Auch die Demonstration in Berlin, zu der in den Vorjahren Zehntausende Teilnehmer kamen, fiel deswegen kleiner aus. Aufgerufen hatte ein Bündnis aus 60 Organisationen, darunter Landwirte, Bio-Anbauverbände, kirchliche Hilfswerke und Umweltschützer. Die industrielle Landwirtschaft müsse gestoppt werden, sagte Sprecher Christian Rollmann. Gefordert wird etwa, die Zahl der Tiere in Ställen und den Fleischkonsum deutlich zu senken. Rund 10.000 Unterstützer schickten den Angaben zufolge Fuß- und Schuhabdrücke auf Papier ein - weil sie nicht selbst kommen konnten.

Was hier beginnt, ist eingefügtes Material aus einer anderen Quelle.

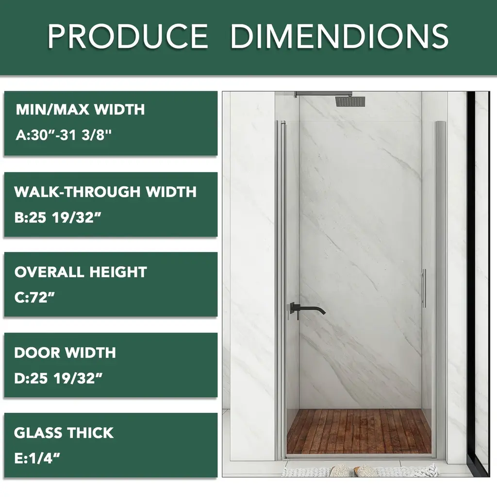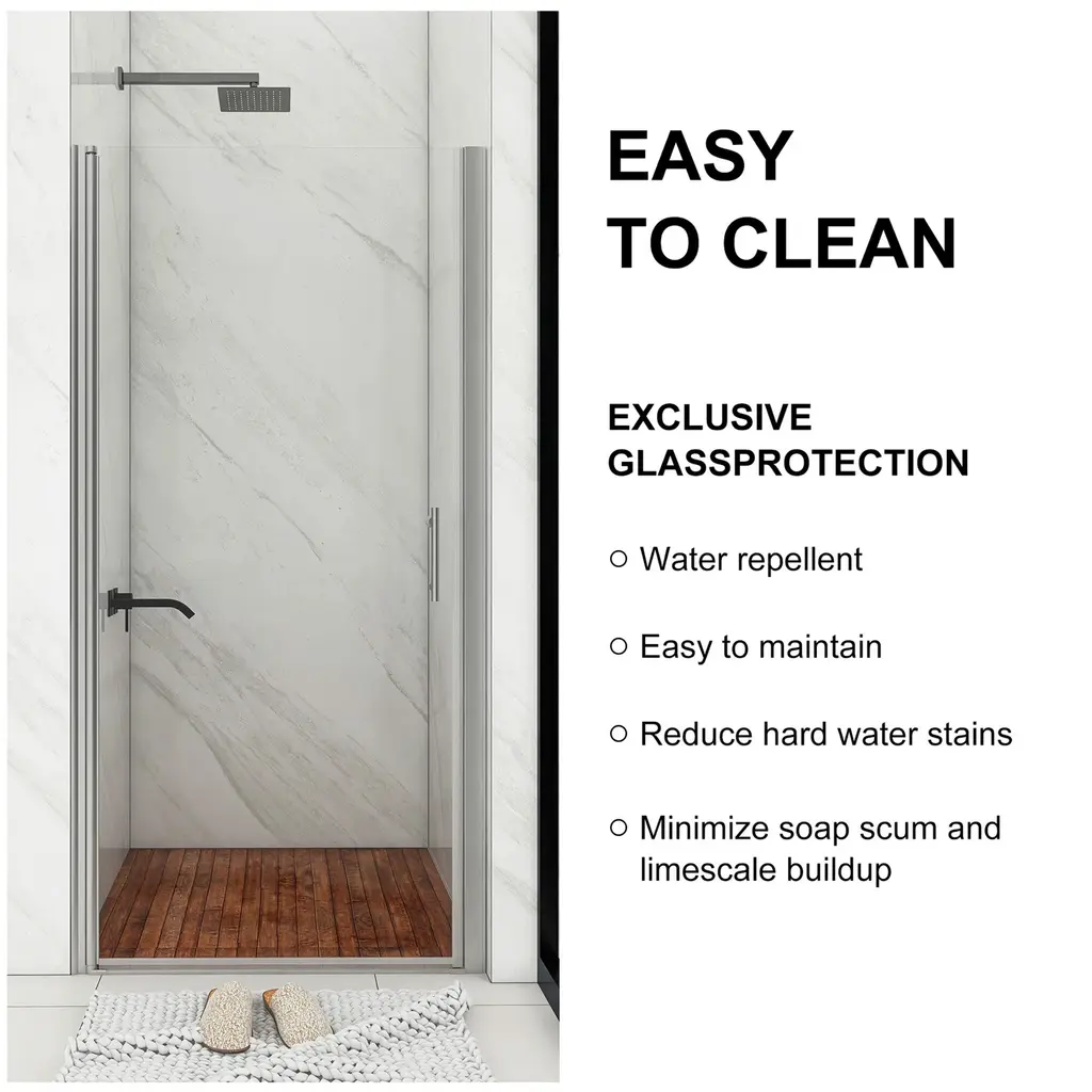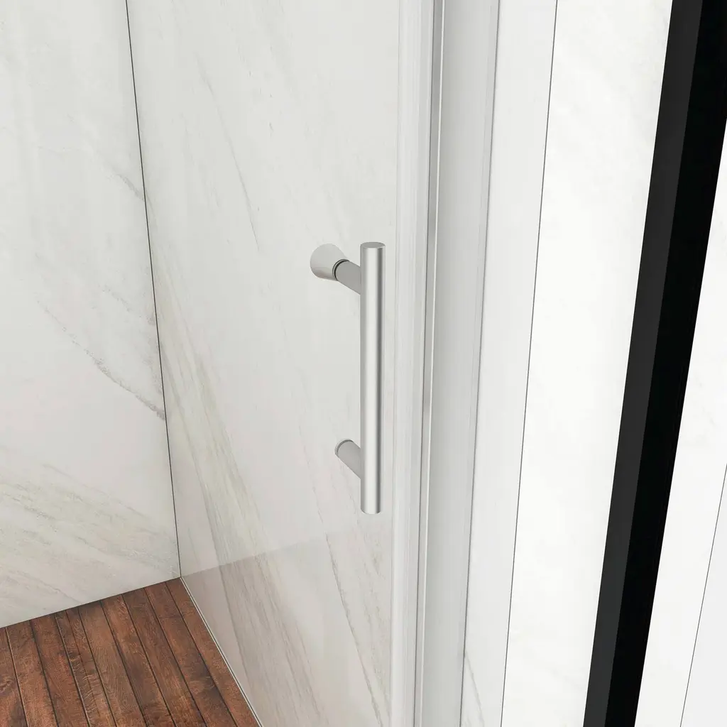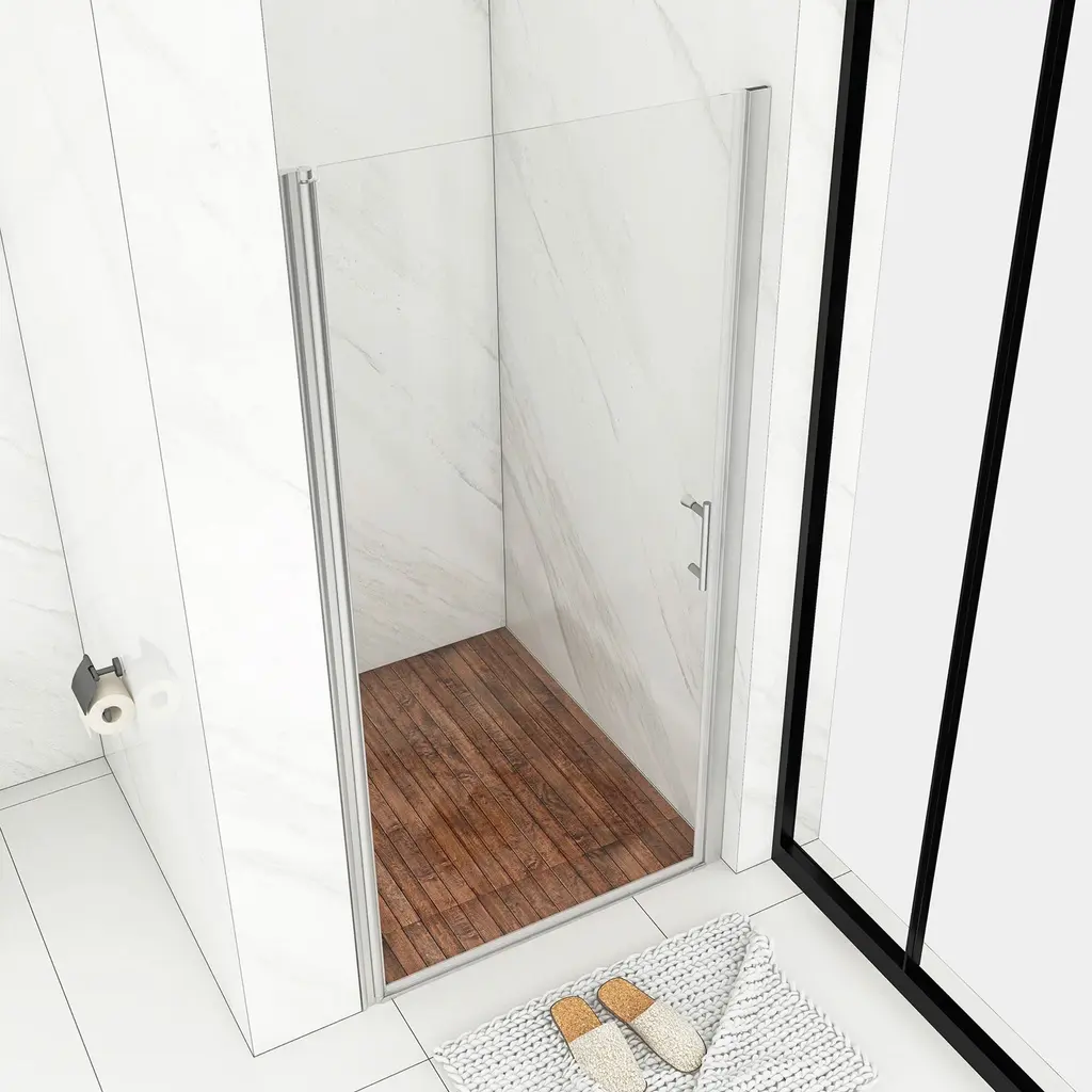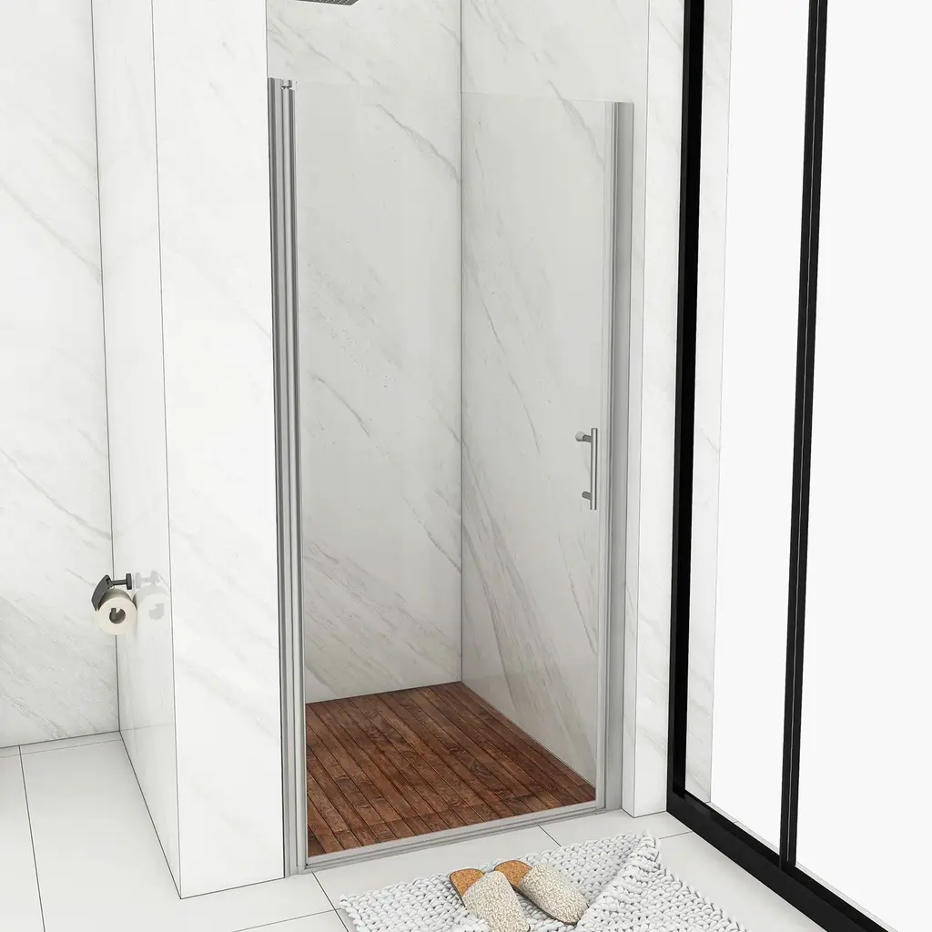 The combination of an alu wall channel and a #304 stainless - steel handle is a testament to the shower door's quality. The alu wall channel provides a sturdy and lightweight framework for the shower door. Aluminum is known for its corrosion - resistance, which is crucial in a bathroom environment where moisture is abundant.The shower door features SGCC 1/4" tempered clear glass. Tempered glass is significantly stronger than regular glass. It is manufactured through a process of heating and rapid cooling, which increases its internal strength. In the event of breakage, tempered glass shatters into small, relatively harmless pieces rather than large, sharp shards, greatly reducing the risk of injury.The smooth and comfortable pivot system is a highlight of this shower door. It enables effortless opening and closing of the door. Whether you are entering or exiting the shower, the pivot system ensures a seamless movement. This not only enhances the user experience but also contributes to the longevity of the door.

Klöckner sagte zu den Protesten: "Alles-oder-Nichts-Forderungen polarisieren." Dass die Wirtschaftsweise permanent nachhaltiger werden müsse, sei selbstverständlich. Daher spielten Forschung und Modernisierung bei den Landwirten selbst, aber auch in der deutschen und europäischen Förderpolitik und Gesetzgebung eine große Rolle. "Wer seit Jahren die gleichen polarisierenden Feindbilder pflegt, will diese Veränderungen nicht wahrhaben", sagte Klöckner. "Das ist schade und wird den vielen Bauernfamilien nicht gerecht, die sich auf große Veränderungen eingelassen haben."